It is never easy to rationalise tragedy. The two witnessed recently in the Northeast are no exceptions. One, the Assam floods in which the state’s two major rivers, the Brahmaputra and the Barak, and their tributaries wreaked havoc, killing nearly 200 people and, at one point, putting close to 4.5 million people in danger of starvation and disease. Two, the massive landslide in Tupul village in western Manipur’s hill district of Noney, burying alive 62 people. In Tupul, mud from the landslide also blocked the river, Ijai, leading to the formation of a lake, putting more settlements downstream in imminent danger of being swept away when the dam burst occurred. This danger was averted as rescue workers safely breached the dam, allowing the river flow its normal course, once again. Terrifying as these calamities are, two important lessons, among others, emerged from them. First is the heart-warming phenomenon demonstrated at such times of grief when people sink their differences and come together. Such tragedies evoke a humbling sense of humanity’s shared frailty. During the rescue operations, several voluntary organisations rushed to the disaster spots, joining hands with local villagers and with the army, police and paramilitary forces.

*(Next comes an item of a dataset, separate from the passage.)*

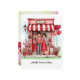 Personalize your Valentine for him or her on this sweet flat greeting card printed with an adorable couple and their quirky little shop scene filled with lots of tiny hearts, balloons and flowers details. Edit your names, monograms and other text front and back. Watercolor style illustration has an abstract pastel background front and back. Created in a palette of mostly red and pink colors, with your choice of sizes.
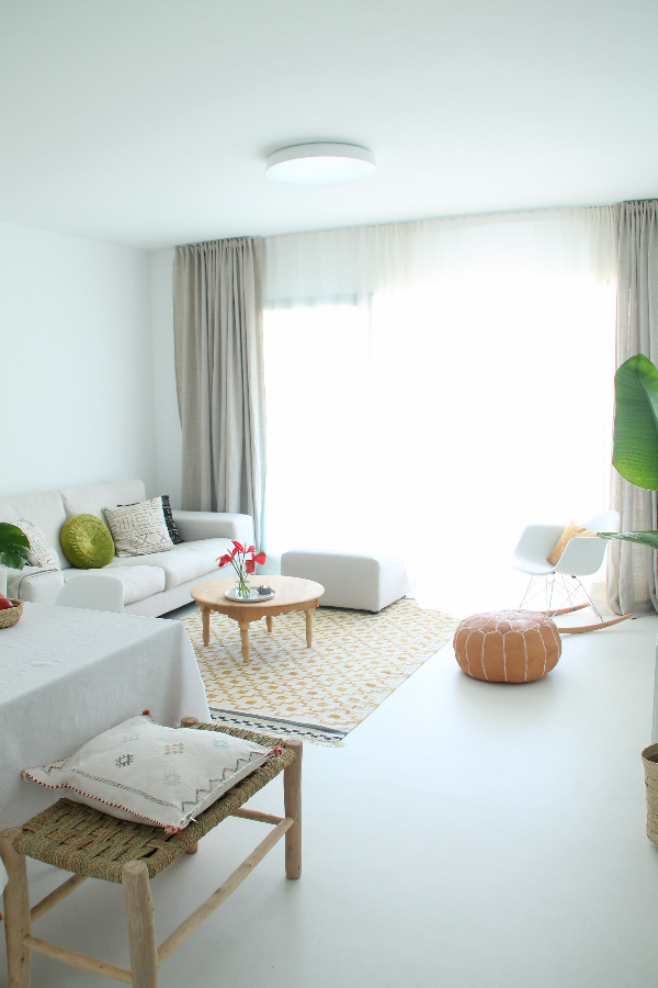 Tras la reforma que hicimos en casa el año pasado, en la que nos decantamos por suelo blanco de microcemento en toda la vivienda, comenzamos poco a poco a cambiar la decoración de nuestro salón y a introducir algunas pinceladas de color con mobiliario y decoración marroquí. Sustituimos una estantería de roble vista en la que almacenábamos revistas y libros por un mueble mostaza, (que nos hizo a medida un pequeño artesano en Marrakech) y que hace la función de alacena. Nos gusta mucho porque ahora el comedor está mucho más ordenado y visualmente es más agradable. Encima del mueble solemos ir cambiando la decoración, ahora mismo tenemos un par de farolillos marroquíes, que podéis encontrar en la Shop. Nos sumamos a los muebles auxiliares de madera y fibras sintéticas, que quedan bien todo el año y además combinan a la perfección con textiles naturales como el lino y el algodón. Os dejamos unas fotografías de los cambios y os animamos a darnos sugerencias.

Tragedies strike a common chord, evoking, arguably, the most noble of emotions — empathy. That the most enduring works of art, literature and drama tend to be tragedies is a testament to this fact. In his book, The Empathic Civilization, Jeremy Rifkin argues that civilisation itself would not have been possible without the gift of empathy. This, he says, is neurologically determined by the presence of mirror neurons in the human brain. Some other sentient beings have them too, but in varying and much smaller degrees than in humans. Empathy is distinguished from sympathy (the capability to be sorry for another’s plight) or compassion (which goes beyond being sorry for another’s plight and is marked by an innate desire to extend help as well). Empathy is the capacity to feel and become part of another’s emotional state — distress, joy, hurt and so on. Rifkin says that throughout history, empathic circles, which determine human bondages, have been expanding. It began with the immediate kins of small, roaming bands of hunter-gatherers, went on to include clans, tribes, nations, fellow religionists, fellow professionals, and, eventually, humanity and the sentient world. Today, the empathic circle is even beginning to cover the ecosphere. More and more young people feel the hurt when trees are felled or industrial chimneys belch smoke and damage the atmosphere — revealingly practices that once were seen as signs of progress.
The second lesson that became evident after the two calamities is a derivative of the first. In these widening concentric circles of empathic bondages, the nation remains a major landmark. Another scholar, Benedict Anderson, actually called a nation an “imagined community” forged by a sense of shared destiny, and that one of the litmus indicators of the bondage of this community are the national newspapers where readers are drawn to find out about the rest of their common, but imagined, community.
A nation is held together by the apparatuses of the State — the administration, military, police and so on. But a nation would become spiritually hollow if the sense of empathic bondage of the imagined community were to be absent. The messenger is not at fault, but the fact that the two recent tragedies in the Northeast, which unfolded for weeks, could not command a sustained space on the front pages or on prime-time bulletins of a great majority of the ‘national’ media does indicate the fact that the Northeast still remains on the fringe of the national consciousness.